REQUIRED ACTION: Extract the lines up to and including the one that contains "MATE.• DISEÑO VINTAGE.", starting with the first line of the entries below, and omit the pictures.

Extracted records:
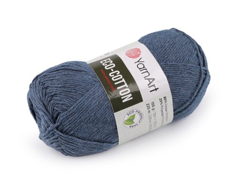 Bavlněná pletací příze Eco-cotton připomíná provázek. Je vhodná na pletení či háčkování halenek, vestiček, dekorací, sedáků, polštářů, tašek apod. Zpracování vláken této příze dodává úpletům přirozený přírodní vzhled, stejně působí i na dotek. Velikost jehlic: 3,5 Velikost háčku: 4
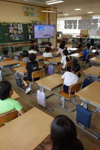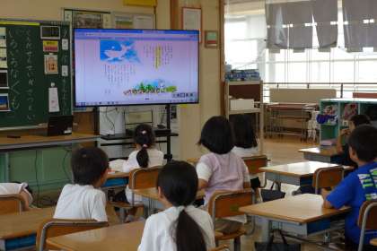 いろいろな雲の写真や題名から想像を膨らませました。今日から「くじらぐも」の学習がスタートです。話を聴かせると、思わず叙述を読み出す子供たち。ファンタジー作品の名作を味わいましょう。
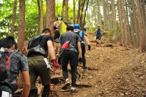 ここを折り返して、黒山山頂まで戻り、東京都と埼玉県の境を尾根沿いに小沢峠まで下り、成木の家近くの中島製材所でゴールするというコース設定た。 このコースには広葉樹の森が多いため、5月の時季は新緑が美しいのが特徴だ。ゴール後、参加者から新緑が素晴らしいコースだったと好評だった。
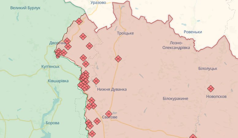 На Купянском направлении нашими воинами отражены 14 атак в районах населенных пунктов Петропавловка, Ивановка, Кисловка, Котляровка, Берестово, Копанки Харьковской области; Стельмаховка Луганской области.
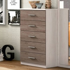 • ESTRUCTURA DE MELAMINA.• 5 CAJONES.• ACABADO MATE.• DISEÑO VINTAGE.
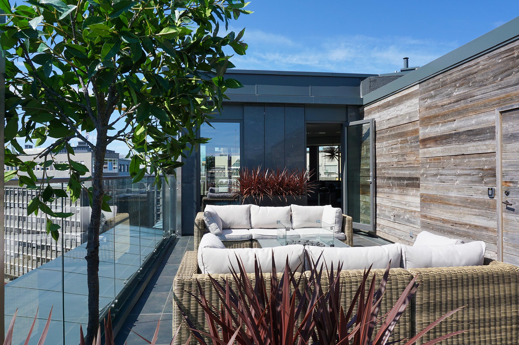 The second rooftop terrace connects to the living room upstairs. It has a charming city view of Oslo and allows you to experience the light summer evenings in comfy lounge sofas. If it gets a bit chilly, just light up the fire pit. This is also the perfect spot for sunbathing on a hot summer day. Large canvases can be arranged for full privacy.
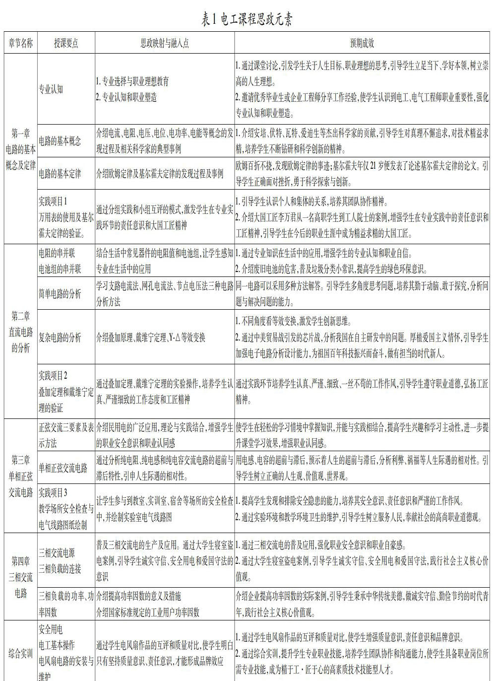 针对工科课程思政的隐蔽性特点,以《电工基础》课程为例,将思政教育融入教学全过程。课程团队从构建课程思政教学资源库,教学内容融入思政元素,改革课程考核标准和教学方法等方面入手,对学生进行技能和德育的双重教育,实现知识传授与价值引领的有机统一。
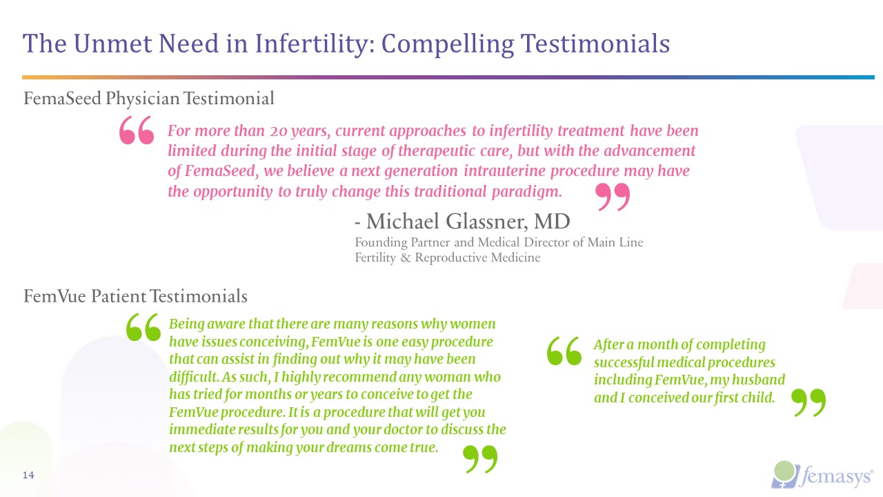 The Unmet Need in Infertility: Compelling Testimonials  14  For more than 20 years, current approaches to infertility treatment have been limited during the initial stage of therapeutic care, but with the advancement of FemaSeed, we believe a next generation intrauterine procedure may have the opportunity to truly change this traditional paradigm.  - Michael Glassner, MD  Founding Partner and Medical Director of Main Line Fertility & Reproductive Medicine  FemaSeed Physician Testimonial  FemVue Patient Testimonials  Being aware that there are many reasons why women have issues conceiving, FemVue is one easy procedure that can assist in finding out why it may have been difficult. As such, I highly recommend any woman who has tried for months or years to conceive to get the FemVue procedure. It is a procedure that will get you immediate results for you and your doctor to discuss the next steps of making your dreams come true.  After a month of completing successful medical procedures including FemVue, my husband and I conceived our first child.
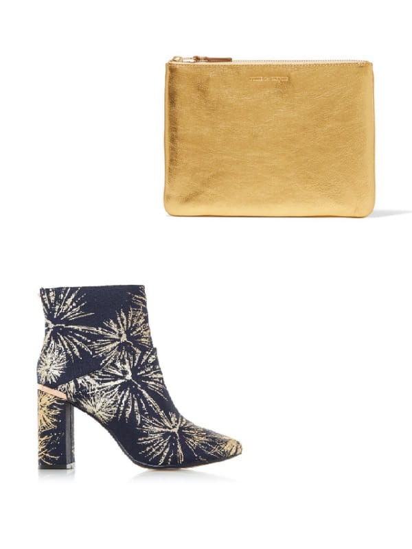 Bottines en jacquard marine et dorées de Dune et pochette métallisée de Comme des Garons sur Net à Porter
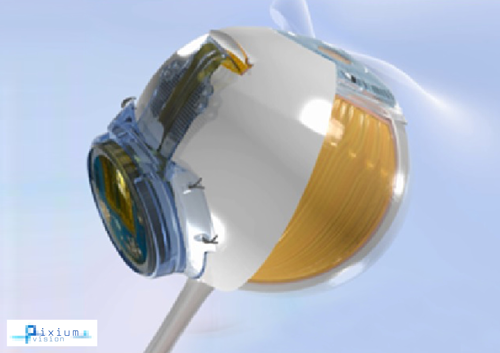 Paris-based Pixium Vision obtained CE mark certification of its IRIS®II bionic vision system in July 2016. The ‘Intelligent Retinal Implant System’ V2 is a 150-electrode epiretinal implant equipped with a bio-inspired camera designed for people with vision loss from outer retinal degeneration. IRIS II features an explantable design. The electrode array is secured on the retinal surface by a patented support system intended to allow for explantation so as to facilitate future next-generation replacements or upgrades to hardware and / or software. Another distinctive feature is a bio-inspired camera intended to mimic the functioning of the human eye by continuously capturing changes in the visual scene with its time independent pixels.

COMPLETED TASK:
 Bavlněná pletací příze Eco-cotton připomíná provázek. Je vhodná na pletení či háčkování halenek, vestiček, dekorací, sedáků, polštářů, tašek apod. Zpracování vláken této příze dodává úpletům přirozený přírodní vzhled, stejně působí i na dotek. Velikost jehlic: 3,5 Velikost háčku: 4
 いろいろな雲の写真や題名から想像を膨らませました。今日から「くじらぐも」の学習がスタートです。話を聴かせると、思わず叙述を読み出す子供たち。ファンタジー作品の名作を味わいましょう。
 ここを折り返して、黒山山頂まで戻り、東京都と埼玉県の境を尾根沿いに小沢峠まで下り、成木の家近くの中島製材所でゴールするというコース設定た。 このコースには広葉樹の森が多いため、5月の時季は新緑が美しいのが特徴だ。ゴール後、参加者から新緑が素晴らしいコースだったと好評だった。
 На Купянском направлении нашими воинами отражены 14 атак в районах населенных пунктов Петропавловка, Ивановка, Кисловка, Котляровка, Берестово, Копанки Харьковской области; Стельмаховка Луганской области.
 • ESTRUCTURA DE MELAMINA.• 5 CAJONES.• ACABADO MATE.• DISEÑO VINTAGE.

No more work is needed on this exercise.